Lacca

Gummi Lacca.
Gummi Lacca.

[595] Lacca.

Lacca.

frantzösisch, Lacque, oder Gommelacque.

teutsch, Lacc, Laccgummi.

Ist ein hartziges Gummi, hart, braunroth, hell und durchsichtig, wird zu uns aus Bengalen, Malabar und Pegu, so alle mit einander Provintzen in Ostindien sind, gebracht, und hanget an kleinen und langen, des Fingers dicken Stöcklein. Man will sagen, es würde von grossen geflügelten Ameisen bereitet, oder von Fliegen, die den gemeinen Fliegen ähnlich wären, die saugeten den besten Saft aus allerhand Bäumen, und legten ihn um die Zweige der Bäume, um die Stöcklein und Stücklein Rohr, welche die Einwohner der Orten hinstecken, damit sie dieses Gummi überkommen möchten. Wann nun[595] dieses Geschmeisse eine gute Menge dieser Materie, als wie die Bienen Wachs und Honig, zusammen getragen hätten, so begrüben sie sich darinne: alsdann beschütteten die Leute das Werck mit Wasser, damit es ein wenig sauber würde; liessen es hernachmahls von der Sonne bescheinen, die trocknete es, und gäbe ihm seine völlige Härte. Sodann zögen sie die Stöcklein wieder aus, schnitten denjenigen Theil, daran die Lacca sässe, herunter, und hüben es auf: und das heist nun Lacca in baculis, Laeque en bâton, Laccgummi auf Stäben.

Diejenige Lacca soll man erwehlen, welche recht hoch von Farbe, rein, hell und etwas durchsichtig ist, über dem Feuer zerschmeltzet, und einen lieblichen Geruch giebt, wann sie angezündet wird: die auch den Speichel roth anfärbet, wann man sie kauet: wie ingleichen dem Wasser, worinne man sie nebst ein und andern sauern kochen läst, eine gar schöne rothe Farbe mittheilet.

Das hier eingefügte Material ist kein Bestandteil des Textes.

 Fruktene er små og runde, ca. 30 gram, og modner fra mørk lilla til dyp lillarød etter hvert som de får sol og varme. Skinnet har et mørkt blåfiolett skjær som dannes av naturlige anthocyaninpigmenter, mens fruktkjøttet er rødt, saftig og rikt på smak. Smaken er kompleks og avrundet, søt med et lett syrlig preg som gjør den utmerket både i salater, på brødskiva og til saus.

Mit eben dieser rothen Farbe sollen, wie gesagt wird, die Indianer ihre indianischen Tücher färben; dann sie im Wasser nicht ausgeht: die Leute in Levante sollen desgleichen den rothen Saffian mit derselben färben.

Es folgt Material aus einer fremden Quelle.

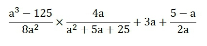 а^3-125=(а-5)(а^2+5а+25)(разность кубов). Первая дробь получается такая:(а-5)(а^2+5а+25)/8а^2. а^2+5а+25 есть в обеих дробях,=> оно взаимно уничтожается. Сокращаются 8а^2 и 4а. Остаётся: а-5/2а(первая дробь)+3а(вторая)+5-а/2а(третья). 3а домножим на 2а, чтобы привести к общему знаменателю. Складываем это всё, получаем дробь:а-5+6а^2+5-a/2а. Приводим подобные. Получается дробь: 6а^2/2а=3а

Die Lacca schmeltzet nicht im Baumöl, zergehet auch nicht in demselben, ob man sie schon zusammen, übern Feuer heiß läst werden, es nimmt das Oel die Farbe auch nicht an, und das Lacc bleibt auf dem Boden liegen, als ein gummoses, hartes, brüchiges und grümplichtes, braunrothes Wesen: zum Zeichen, daß es gar kein also reines Hartz nicht sey, wie dannoch ihrer viele sich einbilden wollen. Dann, wann es etwas dergleichen wäre, würde es gar bald in diesem Oel zergehen, als wie etwan mit andern Hartzen zu geschehen pflegt.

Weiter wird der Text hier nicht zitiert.